Marie Wadden Abstract

“The Labrador Excursion of George Hutchinson, 1853-1867” is a biography of William Wordsworth’s nephew who lived in Battle Harbour, Labrador, as a missionary in the mid nineteenth century. Little was known of him until the spring of 2017 when the author found five hardcover journals of correspondence from Hutchinson, written while he lived in Labrador. The letters were sent to his family, and transcribed by his sisters, who later donated them to the Wordsworth Trust in Grasmere, England. The letters contain far more personal details of Hutchinson’s life than can be learned from his official correspondence with the Society for the Propagation of the Gospel for whom he worked.
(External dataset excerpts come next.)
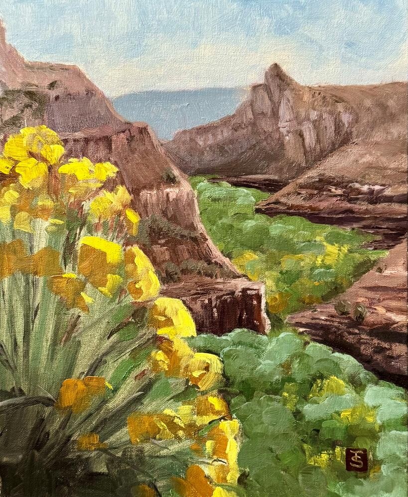 Escalante Canyon was breathtaking at anytime of day but particularly in the morning. This study was done in the parking lot of the coffee shop that overlooks this (which I ate at several times during my stay and highly recommend). The scene just goes on and on for miles into the distance. Down below is a glorious expanse of Cottonwood trees that were just starting to turn in the Fall air. Escalante Canyon was breathtaking at anytime of day but particularly in the morning. This study was done in the parking lot of the coffee shop that overlooks this (which I ate at several times during my stay and highly recommend). The scene just goes on and on for miles into the distance. Down below is a glorious expanse of Cottonwood trees that were just starting to turn in the Fall air. |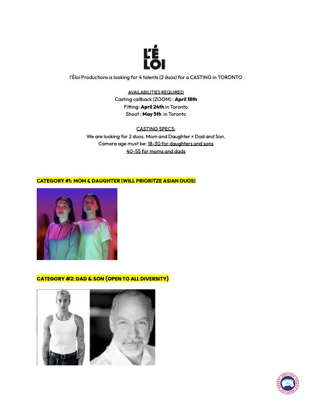 Casting directors are seeking to fill some very specific roles for talent that live in the Toronto, Ontario Canada area.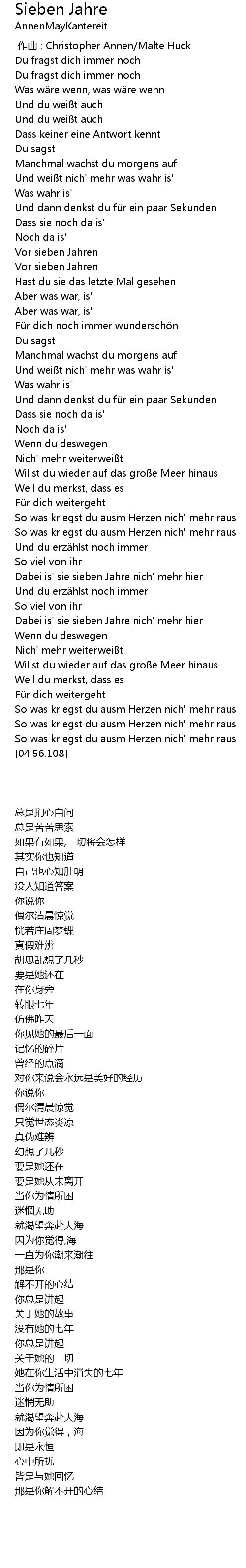 | [03:43.154] | Dabei is' sie sieben Jahre nich' mehr hier |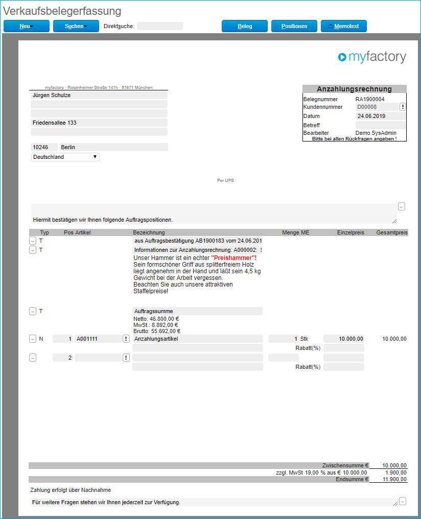 Vorkasse Rechnung Muster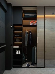 — возможность спланировать нишу под аксессуары; сетчатые и монолитные полки и корзины (для хранения белья и обуви), вешалки для брюк, ремней, галстуков, брючницы, и т.д.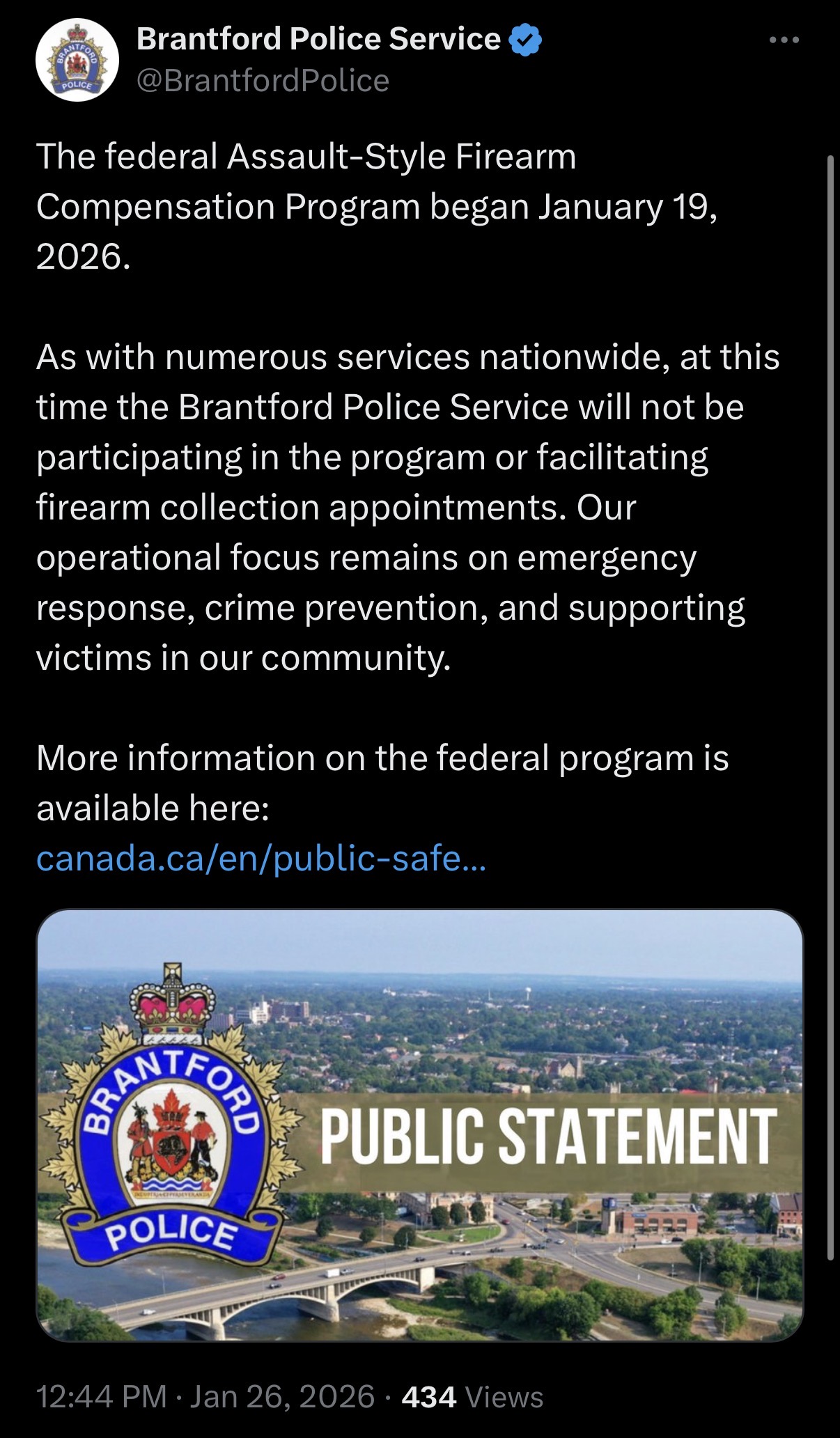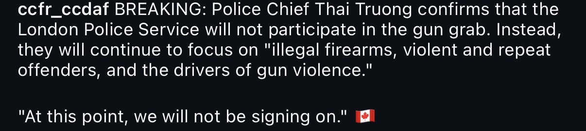 brantford police not participating in the buyback. up to nine police forces in ontario which is pretty big.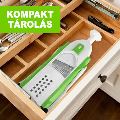 Az összecsukható kialakítással helyet takaríthat meg, így bármilyen méretű konyhába tökéletes. Emellett lehetővé teszi a különböző formájú gyümölcsök és zöldségek gyors és biztonságos elkészítését!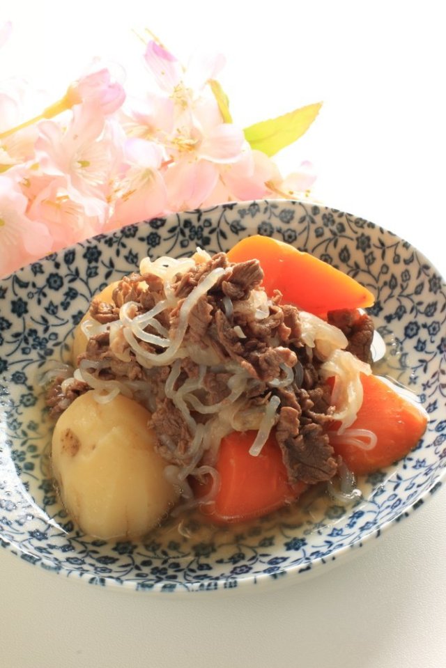 煮汁がなくなってきたら砂糖としょうゆで味をととのえて、煮汁がなくなったら器に盛る。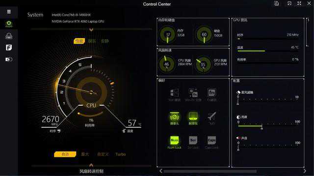 在使用体验方面,空妖S6做的也非常到位,这款笔记本自带ControlCenter控制中心,升级到了3.0版本,用户可以非常高效地管理笔记本的运行状态和散热情况,同时,借助Fn+1快捷键可以方便地让风扇在满速和智能之间切换。

Hutchinson writes of his first transatlantic crossing, his impressions of St. John’s, characterizations of his fellow Church of England clergy, and describes at length the many challenges he faced serving 60 tiny settlements between Henley Harbour and Seal Islands. There is something extraordinary in the way he so quickly adapted to the Labrador way of life, and a terrible poignancy in the personal toll it took on his life, shortening it, just when he had found domestic happiness. Readers will meet a very sympathetic man, sometimes troubled by the need to fulfil the mandate set by the charismatic, but religiously zealous, Bishop Edward Feild, who was determined to build churches and imbue a disciplined religious practice among people who were barely eking a living in one of the world’s most challenging climates.